Karena Nama Sama

4,151 kali dibaca

Waktu itu tahun 2000-an. Untuk mengakses bacaan bil khusus sastra, sampean tahu, tidaklah semudah sekarang. Sampean kudu sabar menunggu seminggu sekali terbitnya koran Minggu yang menyediakan rubrik sastra di antara gemrungsung halaman-halaman berita dan iklan. Atau, apabila sampean ingin membaca majalah khusus sastra, maka sampean kudu sabar menunggu sebulan sekali. Itu pun dengan catatan apabila sampean punya uang untuk membelinya.

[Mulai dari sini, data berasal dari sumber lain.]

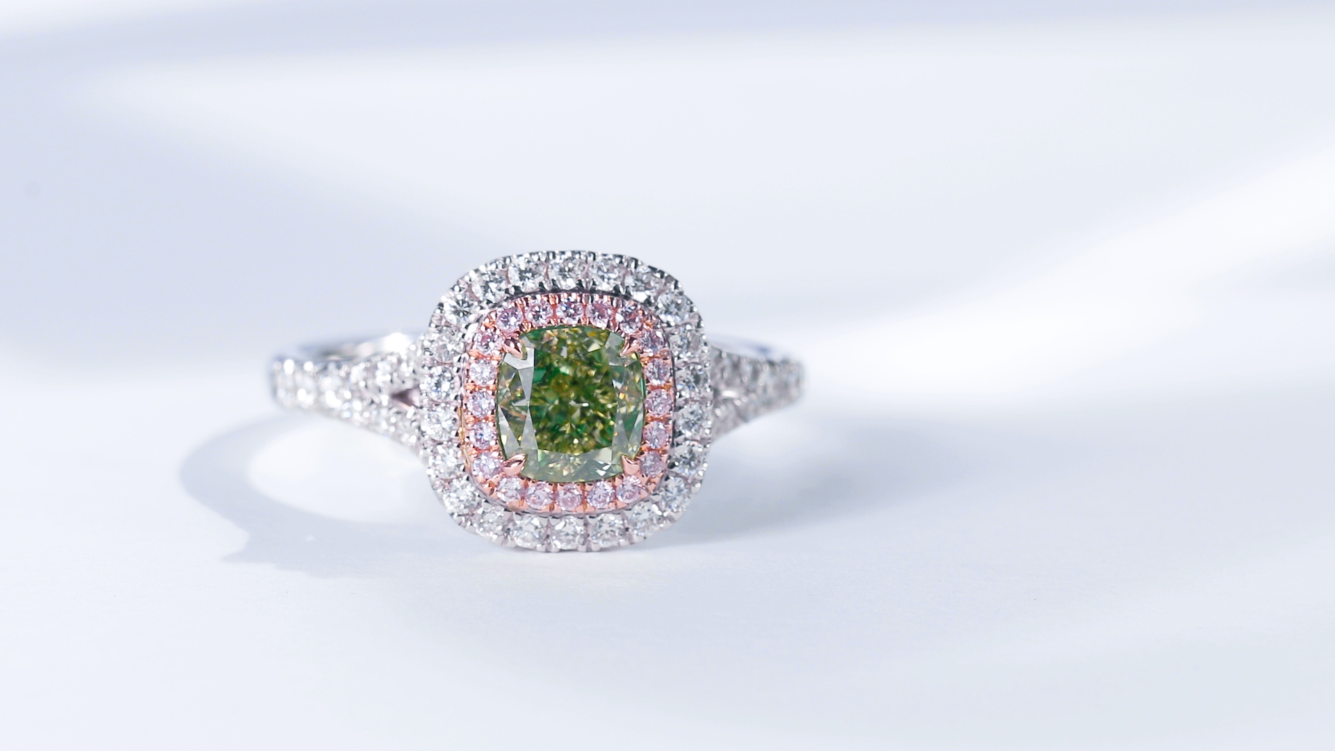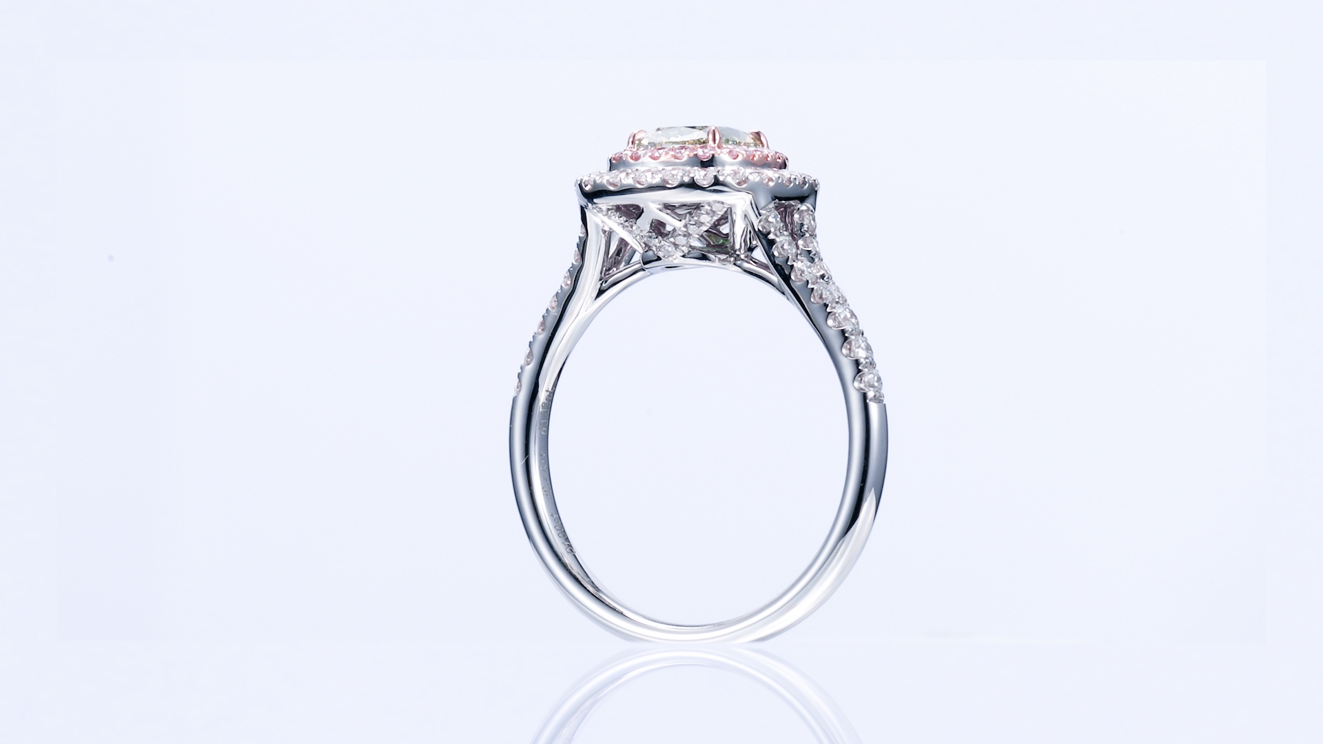 ANELLO IN ORO BIANCO 18K 4.44 GR DIAMANTE CENTRALE 1.00 CT VERDE GIALLOGNOLO GRIGIASTRO VVS2 + BRILLANTI ROSA PER 0.09 CT/20P + BRILLANTI PER: 0.44 CT/69P COLORE D-FPUREZZA VS2 CERTIFICATO GIA - SG-7841
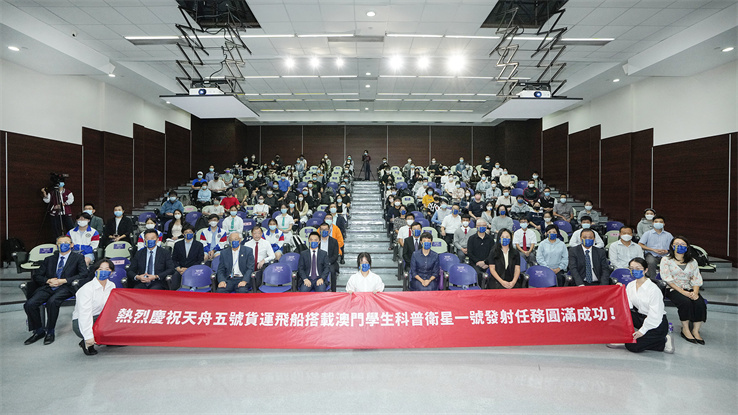 本報訊(記者大林) 11月12日上午10時3分,搭載着“澳門學生科普衛星一号”的“天舟五号”貨運飛船,在海南文昌航天發射場點火發射,發射任務取得圓滿成功。澳科大月球與行星科學國家重點實驗室在澳科大N座圖書館大樓N211室組織澳門首顆科普衛星科學任務概念征集比賽獲獎中學生、大學高層及師生觀看“天舟五号”發射的直播活動。

Saat itu, agaknya saya mulai jatuh hati pada sastra, yang mana dalam benak saya kerap muncul dorongan untuk membacanya, yakni dengan cara: apabila sedang ada duit maka saya membeli beberapa koran Minggu baik terbitan lokal, daerah, maupun nasional.

Advertisements

Namun, karena boleh jadi kantung saya lebih sering kosong, maka inilah yang lebih sering saya lakukan: pada Minggu pagi saya silaturahmi ke rumah “senior”, seorang penyair yang kondisi keuangannya lebih mapan, kemudian menyuruh saya membeli koran-koran tersebut di kota kecamatan—beberapa jarak dari rumahnya—, kemudian kami membaca bersama secara bergantian di beranda rumahnya, barang tentu sembari ngopi dan sesekali larut dalam obrolan.

Demikianlah, hingga suatu saat saya punya uang cukup untuk berlangganan dua majalah sastra kesukaan, yakni Horison dan Annida. Maka, saya pun berlangganan keduanya untuk setahun ke depan. Kemudian, setelah beberapa kali majalah tersebut terkirim lancar sampai ke rumah, suatu hari pada tanggal-tanggal di mana kiriman itu biasanya telah sampai, kegelisahan mulai menimpuk benak seiring saya mempersoalkan kenapa kiriman tersebut tidak kunjung datang, sementara keinginan membacanya pun kian menambah kegelisahan saya—dan ini berlangsung cukup lama hingga beberapa minggu ke depan.

Suatu waktu, karena ada keperluan, saya dolan ke rumah seorang lilik yang juga seorang takmir masjid di kampung kami. Sesampai di dalam rumahnya—yang cuma beberapa jarak dari rumah saya—, tanpa sengaja saya melihat beberapa majalah tergeletak di meja ruang tengahnya yang mana saya langsung menghampirinya, dan rupanya itu adalah edisi terbaru majalah-majalah kesukaan saya tersebut. Kemudian, seusai saya bertanya, apakah ia berlangganan majalah-majalah itu, ia menggeleng, lalu memberitahu saya bahwa majalah-majalah itu di kirim ke masjid—mungkin untuk bacaan jemaah masjid.